EXERCISE INSTRUCTIONS:
Beginning at the line that contains "Liebesroter String von", reproduce the entries below exactly, ending with the line that contains "- Deep Hole". Omit each picture.

RECORDS SHOWN:

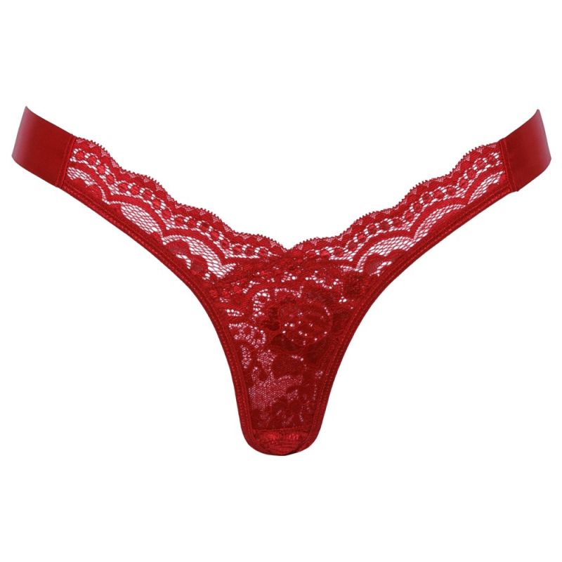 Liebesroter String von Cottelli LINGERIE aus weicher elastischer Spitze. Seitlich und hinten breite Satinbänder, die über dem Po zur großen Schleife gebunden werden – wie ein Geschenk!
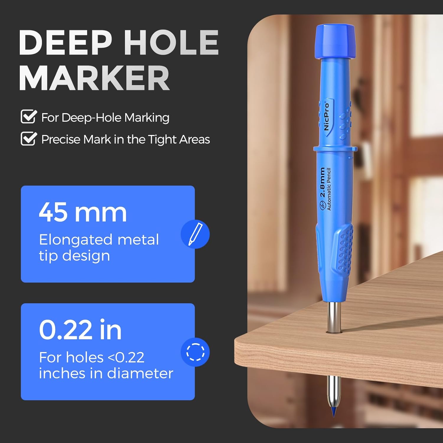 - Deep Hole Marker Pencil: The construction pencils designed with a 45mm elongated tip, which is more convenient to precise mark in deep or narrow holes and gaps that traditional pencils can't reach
---
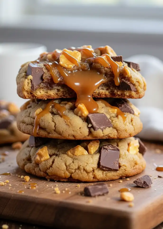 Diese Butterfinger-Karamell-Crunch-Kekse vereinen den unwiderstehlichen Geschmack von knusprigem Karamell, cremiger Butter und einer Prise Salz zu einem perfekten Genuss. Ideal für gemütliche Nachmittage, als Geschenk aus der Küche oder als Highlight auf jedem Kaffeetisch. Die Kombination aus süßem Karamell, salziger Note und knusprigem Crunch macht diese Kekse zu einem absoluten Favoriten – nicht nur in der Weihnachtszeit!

COMPLETED EXERCISE:
 Liebesroter String von Cottelli LINGERIE aus weicher elastischer Spitze. Seitlich und hinten breite Satinbänder, die über dem Po zur großen Schleife gebunden werden – wie ein Geschenk!
 - Deep Hole Marker Pencil: The construction pencils designed with a 45mm elongated tip, which is more convenient to precise mark in deep or narrow holes and gaps that traditional pencils can't reach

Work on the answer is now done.